> WHAT TO DO
Copy only those lines which run from the line containing "3800 / 1 - وَقَالَ" to the end of the entries below, both inclusive, exactly as written and with no pictures.

※ ※ ※

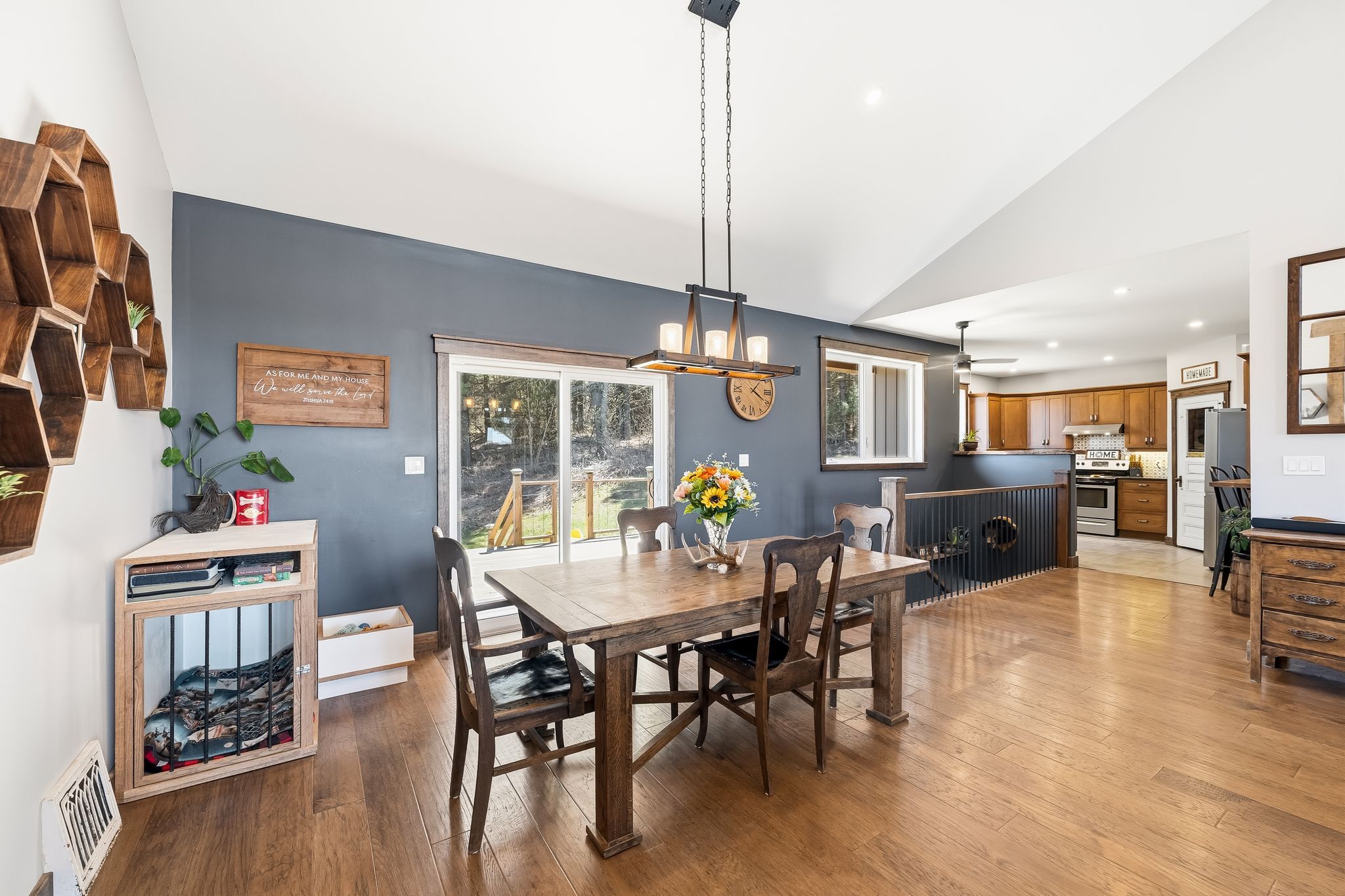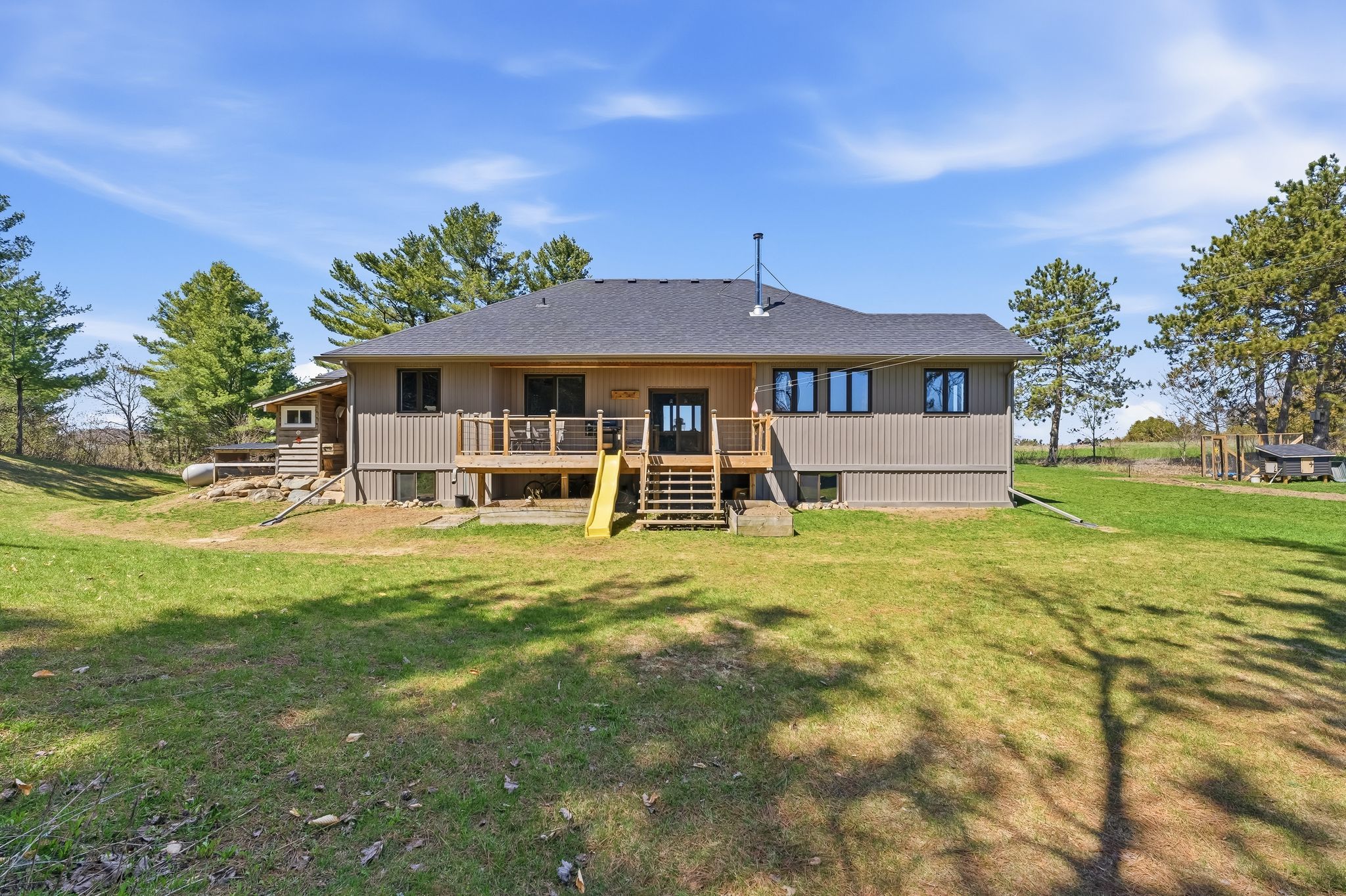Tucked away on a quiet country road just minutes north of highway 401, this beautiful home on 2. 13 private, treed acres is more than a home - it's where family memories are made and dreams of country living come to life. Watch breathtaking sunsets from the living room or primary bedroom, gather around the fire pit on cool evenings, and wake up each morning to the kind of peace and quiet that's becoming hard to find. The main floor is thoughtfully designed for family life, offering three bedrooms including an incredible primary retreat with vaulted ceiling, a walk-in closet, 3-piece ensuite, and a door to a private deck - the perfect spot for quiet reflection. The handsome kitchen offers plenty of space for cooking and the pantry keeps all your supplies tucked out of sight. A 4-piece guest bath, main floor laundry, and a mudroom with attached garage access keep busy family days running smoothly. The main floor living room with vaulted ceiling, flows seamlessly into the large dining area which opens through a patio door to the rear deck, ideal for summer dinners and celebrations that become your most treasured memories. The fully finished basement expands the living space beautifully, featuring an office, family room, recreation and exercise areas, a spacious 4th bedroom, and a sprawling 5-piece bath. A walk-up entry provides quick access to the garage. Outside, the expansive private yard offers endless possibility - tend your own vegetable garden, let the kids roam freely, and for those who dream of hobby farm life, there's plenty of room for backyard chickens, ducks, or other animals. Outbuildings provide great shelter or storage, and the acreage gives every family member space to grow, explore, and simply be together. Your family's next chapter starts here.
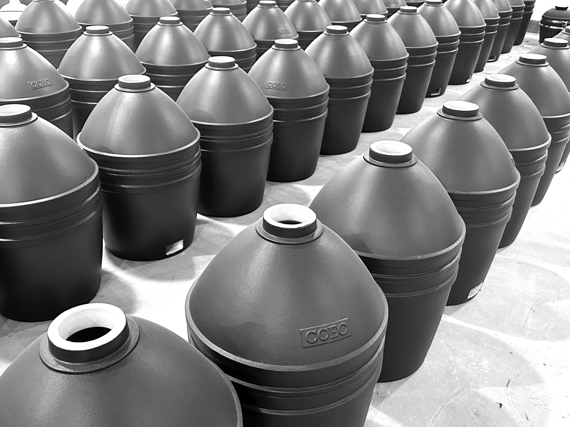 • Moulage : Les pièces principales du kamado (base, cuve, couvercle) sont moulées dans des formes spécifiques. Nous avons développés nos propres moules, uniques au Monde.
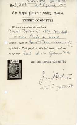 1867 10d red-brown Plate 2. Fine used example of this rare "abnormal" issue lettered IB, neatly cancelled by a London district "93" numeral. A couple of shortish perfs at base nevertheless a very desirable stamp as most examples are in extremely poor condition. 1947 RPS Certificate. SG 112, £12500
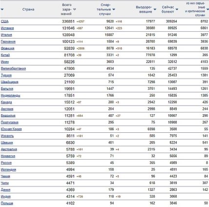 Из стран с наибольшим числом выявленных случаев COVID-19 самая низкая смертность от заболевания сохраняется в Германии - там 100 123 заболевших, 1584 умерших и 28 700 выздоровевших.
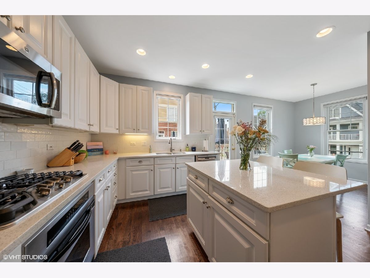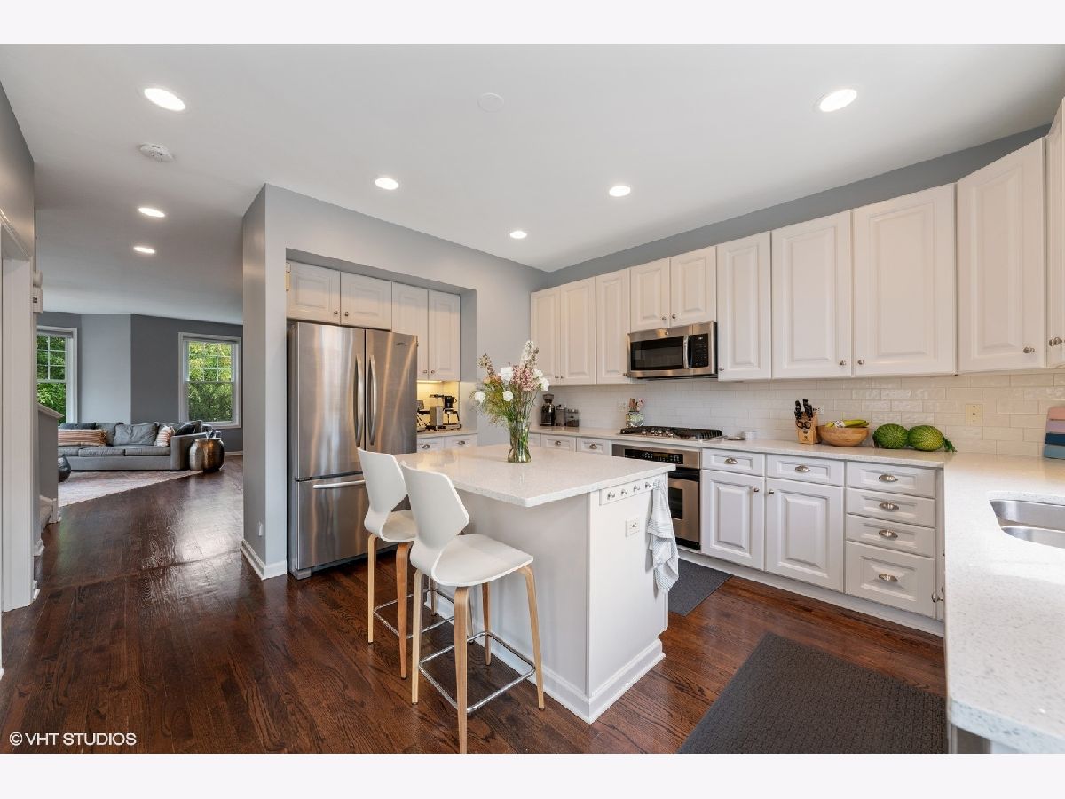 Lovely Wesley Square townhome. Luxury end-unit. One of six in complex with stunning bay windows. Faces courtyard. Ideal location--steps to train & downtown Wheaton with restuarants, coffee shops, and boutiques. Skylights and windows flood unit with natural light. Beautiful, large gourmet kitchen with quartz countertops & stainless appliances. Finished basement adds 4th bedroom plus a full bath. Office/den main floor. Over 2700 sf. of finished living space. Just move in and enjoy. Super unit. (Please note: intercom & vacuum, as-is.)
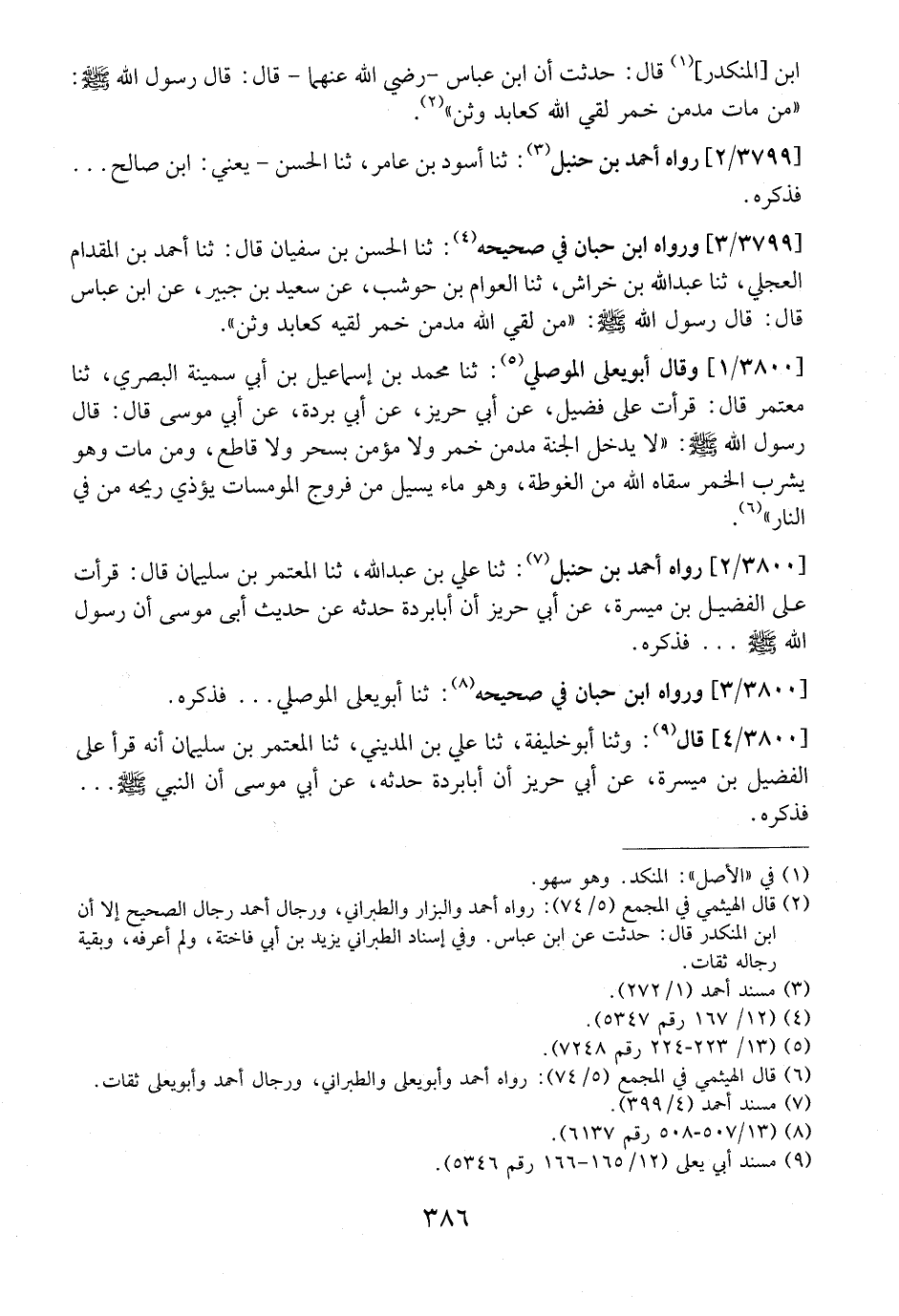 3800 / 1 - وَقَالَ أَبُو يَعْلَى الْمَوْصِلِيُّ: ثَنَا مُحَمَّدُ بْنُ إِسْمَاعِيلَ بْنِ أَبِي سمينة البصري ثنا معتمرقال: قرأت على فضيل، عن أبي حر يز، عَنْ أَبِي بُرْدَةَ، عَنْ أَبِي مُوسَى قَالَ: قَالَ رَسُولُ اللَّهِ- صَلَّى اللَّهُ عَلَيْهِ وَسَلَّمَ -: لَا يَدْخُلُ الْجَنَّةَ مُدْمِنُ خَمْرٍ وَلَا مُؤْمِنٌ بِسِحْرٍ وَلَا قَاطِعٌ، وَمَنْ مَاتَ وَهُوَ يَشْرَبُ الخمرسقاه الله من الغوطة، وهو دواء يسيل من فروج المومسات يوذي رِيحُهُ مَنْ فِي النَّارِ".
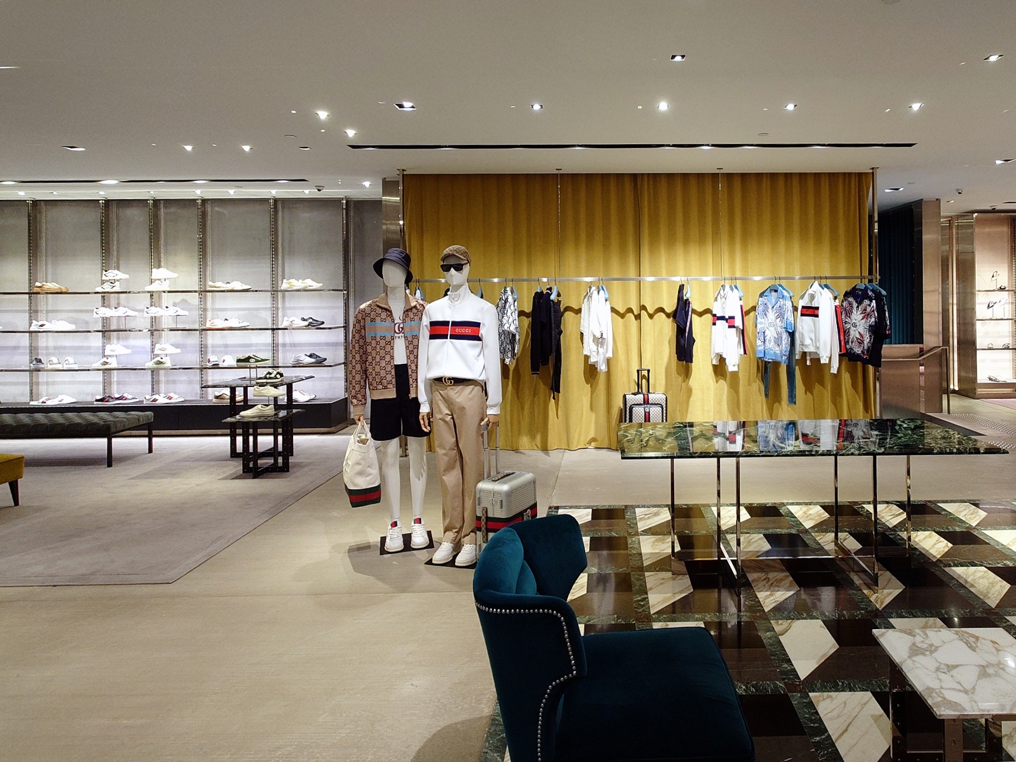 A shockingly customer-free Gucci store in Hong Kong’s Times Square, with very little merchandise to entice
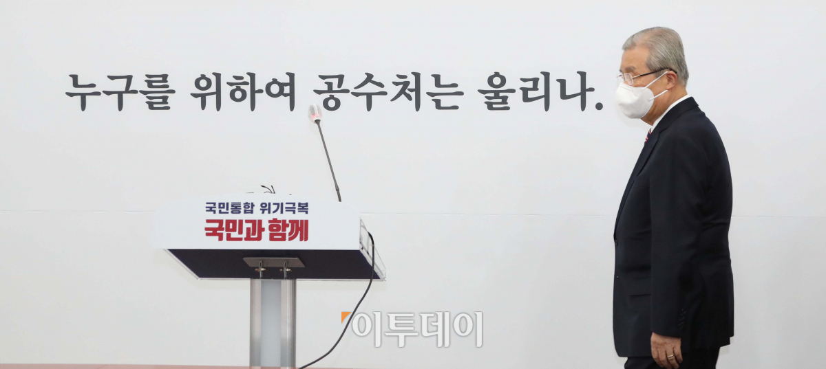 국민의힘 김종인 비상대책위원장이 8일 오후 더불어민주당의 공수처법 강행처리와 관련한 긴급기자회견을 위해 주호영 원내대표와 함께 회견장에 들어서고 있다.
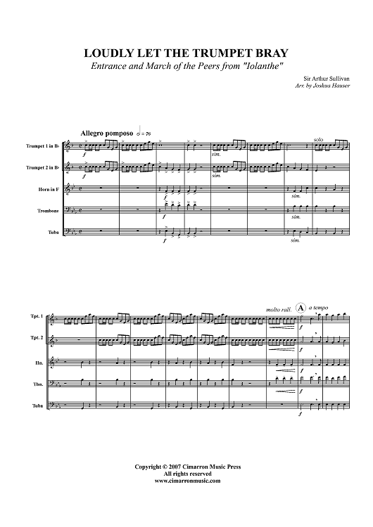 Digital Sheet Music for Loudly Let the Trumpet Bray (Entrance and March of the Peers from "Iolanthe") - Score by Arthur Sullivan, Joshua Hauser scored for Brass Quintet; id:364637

※ ※ ※

> ANSWER TO THIS EXERCISE
 3800 / 1 - وَقَالَ أَبُو يَعْلَى الْمَوْصِلِيُّ: ثَنَا مُحَمَّدُ بْنُ إِسْمَاعِيلَ بْنِ أَبِي سمينة البصري ثنا معتمرقال: قرأت على فضيل، عن أبي حر يز، عَنْ أَبِي بُرْدَةَ، عَنْ أَبِي مُوسَى قَالَ: قَالَ رَسُولُ اللَّهِ- صَلَّى اللَّهُ عَلَيْهِ وَسَلَّمَ -: لَا يَدْخُلُ الْجَنَّةَ مُدْمِنُ خَمْرٍ وَلَا مُؤْمِنٌ بِسِحْرٍ وَلَا قَاطِعٌ، وَمَنْ مَاتَ وَهُوَ يَشْرَبُ الخمرسقاه الله من الغوطة، وهو دواء يسيل من فروج المومسات يوذي رِيحُهُ مَنْ فِي النَّارِ".
 A shockingly customer-free Gucci store in Hong Kong’s Times Square, with very little merchandise to entice
 국민의힘 김종인 비상대책위원장이 8일 오후 더불어민주당의 공수처법 강행처리와 관련한 긴급기자회견을 위해 주호영 원내대표와 함께 회견장에 들어서고 있다.
 Digital Sheet Music for Loudly Let the Trumpet Bray (Entrance and March of the Peers from "Iolanthe") - Score by Arthur Sullivan, Joshua Hauser scored for Brass Quintet; id:364637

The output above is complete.